Why multi-currency matters
If your business operates in more than one country, or serves customers who hold different currencies, multi-currency support is not a nice-to-have. It is a requirement. A Nigerian SaaS company selling to clients in Kenya and South Africa needs to price in KES and ZAR. An e-commerce marketplace shipping across West Africa needs to accept NGN, GHS, and XOF.
Crezaro supports eight currencies at launch: NGN, USD, GBP, CAD, EUR, KES, GHS, and ZAR. Each currency has its own wallet in your account, and you can accept payments and settle in any of them.
How currency handling works
When a customer pays in a specific currency, the funds are credited to your wallet in that currency. You can then choose to:
- Keep funds in the original currency and settle to a bank account denominated in that currency
- Convert to your primary currency using Crezaro's FX service, then settle
- Hold balances in multiple currencies and convert on demand when rates are favorable
The choice depends on your business model. If you have expenses in the collection currency (such as paying suppliers in GHS), keeping the funds in GHS avoids unnecessary conversion fees. If you need to consolidate revenue into NGN for reporting and operations, converting on collection makes more sense.

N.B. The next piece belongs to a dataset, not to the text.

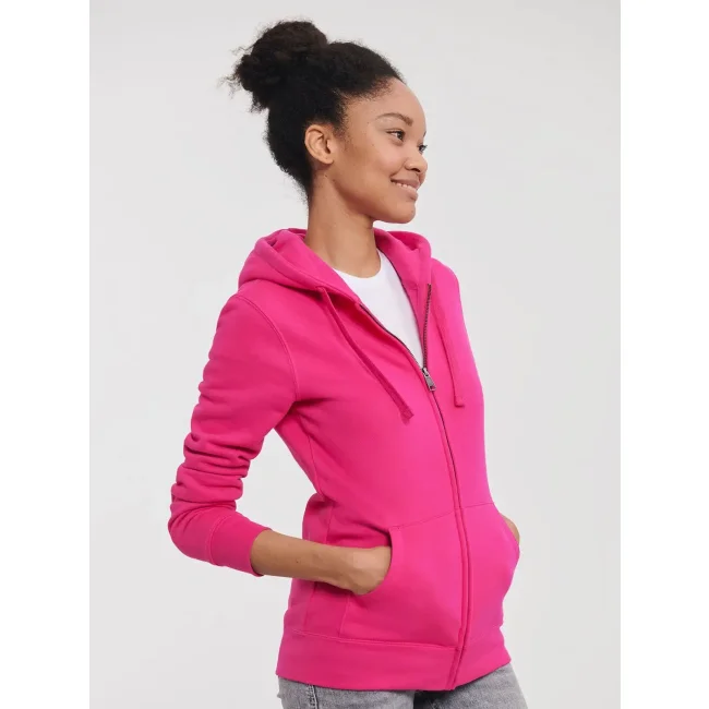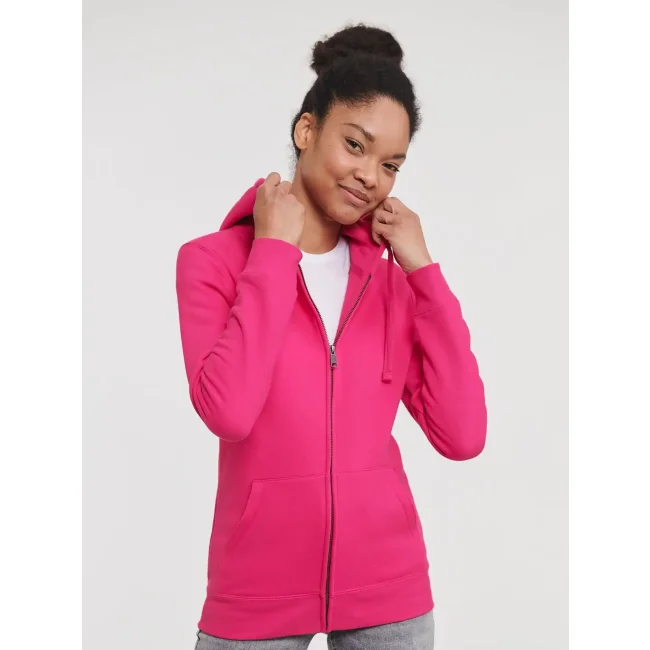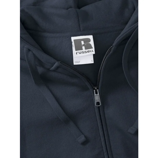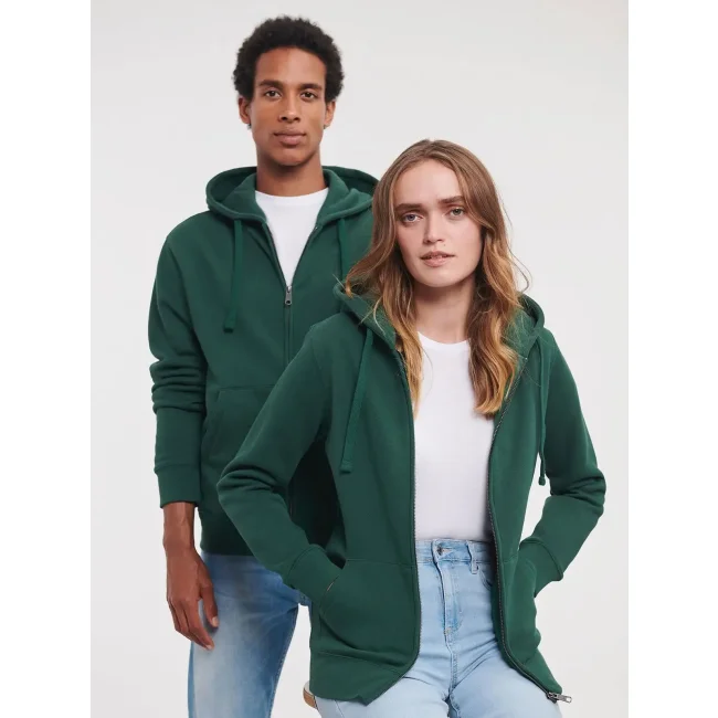80% cotone ring spun, 20% poliestere. Felpa con cerniera, maniche set-in, tasca a marsupio, nastro di rinforzo al collo, felpata internamente, cappuccio a doppio strato con cordoncino piatto, passanti per cuffie, struttura con cuciture laterali.

Accepting payments in different currencies
The API works the same regardless of currency. Specify the currency in your payment initialization request:
curl -X POST https://api.crezaro.com/v1/payments/initialize \
-H "Authorization: Bearer sk_live_your_key" \
-H "Content-Type: application/json" \
-d '{
"amount": 5000,
"currency": "USD",
"email": "customer@example.com",
"reference": "inv_20260128_001"
}'
For USD, the amount is in cents, so 5000 equals $50.00. For NGN, 500000 equals 5,000.00 NGN. For currencies without subunits (like JPY, if we add it), the amount is in the major unit.

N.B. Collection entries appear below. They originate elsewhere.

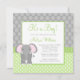 Une invitation mignonne et moderne de baby shower d'éléphant. Comporter le pois et les rayures aux nuances du vert, du gris et du blanc. Perfectionnez pour un baby shower de garçon, de fille ou de neutre de genre.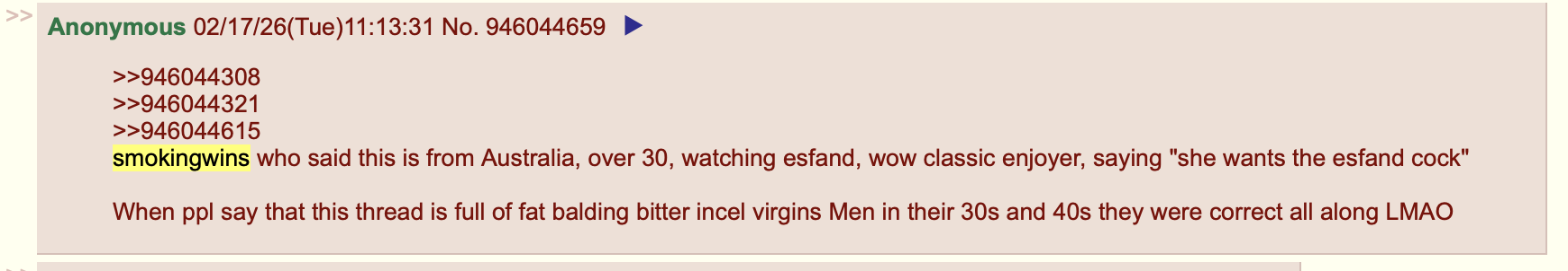 >>946049032>smokingwins is from Australia, over 30, fat, watching esfand, wow classic enjoyer, says "she wants the esfand cock" and goes to twitchgirls chats to insult them because he is a bitter lonely virgin incel waiting for the right moment to commit suicide KEKsmokingwins is truly the perfect representation of anons here. The hero this thread needed!Will you guys also commit suicide when smokingwins commits suicde?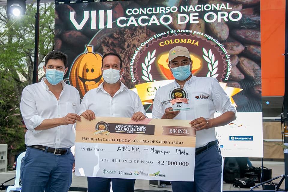 Y el tercer lugar que recibió el galardón del CACAO DE BRONCE fue para la Asociación de Productores y Comercializadores de Cacao APCAM de Mapiripán Meta, quienes recibieron: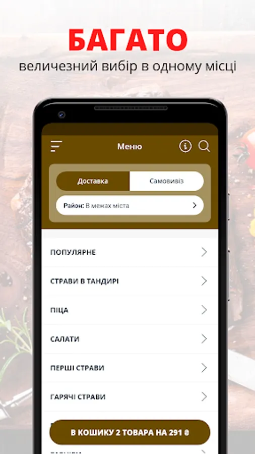 Fast delivery to any corner of Poltava, convenient menu and order payment, promotional offers and much more - just install the mobile application!

The checkout page automatically adjusts to show the correct currency symbol, formatting, and available payment methods for that currency.
FX rates and conversion
Crezaro provides competitive FX rates sourced from multiple liquidity providers. You can query the current rate before initiating a conversion:
curl -X GET "https://api.crezaro.com/v1/fx/rate?from=USD&to=NGN&amount=5000" \
-H "Authorization: Bearer sk_live_your_key"
// Response:
{
"from": "USD",
"to": "NGN",
"rate": 1542.50,
"amount_from": 5000,
"amount_to": 7712500,
"valid_until": "2026-01-28T09:15:00Z"
}
Rates are guaranteed for 60 seconds from the valid_until timestamp. If you initiate a conversion within that window, you get the quoted rate. After the window expires, a new rate is generated.

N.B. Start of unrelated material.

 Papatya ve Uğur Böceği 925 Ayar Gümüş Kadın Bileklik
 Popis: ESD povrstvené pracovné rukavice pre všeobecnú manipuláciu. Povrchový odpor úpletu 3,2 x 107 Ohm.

Settlement in multiple currencies
You can configure settlement bank accounts for each currency you operate in. In your Crezaro dashboard, navigate to Finance > Bank Accounts and add accounts for each currency. Settlement happens automatically based on your configured schedule:
- NGN: T+1 settlement (next business day)
- USD: T+2 settlement
- GBP: T+2 settlement
- KES: T+1 settlement via M-Pesa or bank transfer
- GHS: T+1 settlement
- ZAR: T+2 settlement
Handling currency in your application
A few best practices for handling multiple currencies in your code:
- Store amounts as integers. Always store monetary amounts in the smallest unit (cents, kobo, etc.) as integers. Never use floating-point numbers for money.
49.99 * 100might give you4998.999999in many languages. - Store the currency alongside the amount. An amount without a currency is meaningless. Always store and transmit them together.
- Use established libraries. In PHP, use
brick/money. In JavaScript, usedinero.js. In Python, use thedecimalmodule. Do not roll your own currency arithmetic. - Format for display only. Currency formatting (symbols, thousands separators, decimal places) should happen only at the presentation layer, never in business logic.
Common multi-currency scenarios
Scenario 1: SaaS with global pricing. You price in USD but have customers in Nigeria. Accept NGN payments, convert to USD at collection time, and reconcile against your USD revenue targets.
Scenario 2: Marketplace with regional sellers. Buyers pay in their local currency. Funds are split between sellers (who receive their local currency) and your platform (which receives a commission in your preferred currency).
Scenario 3: Cross-border B2B invoicing. You invoice a client in GBP. They pay in GBP. You settle in GBP to your UK bank account. No conversion needed, no FX risk.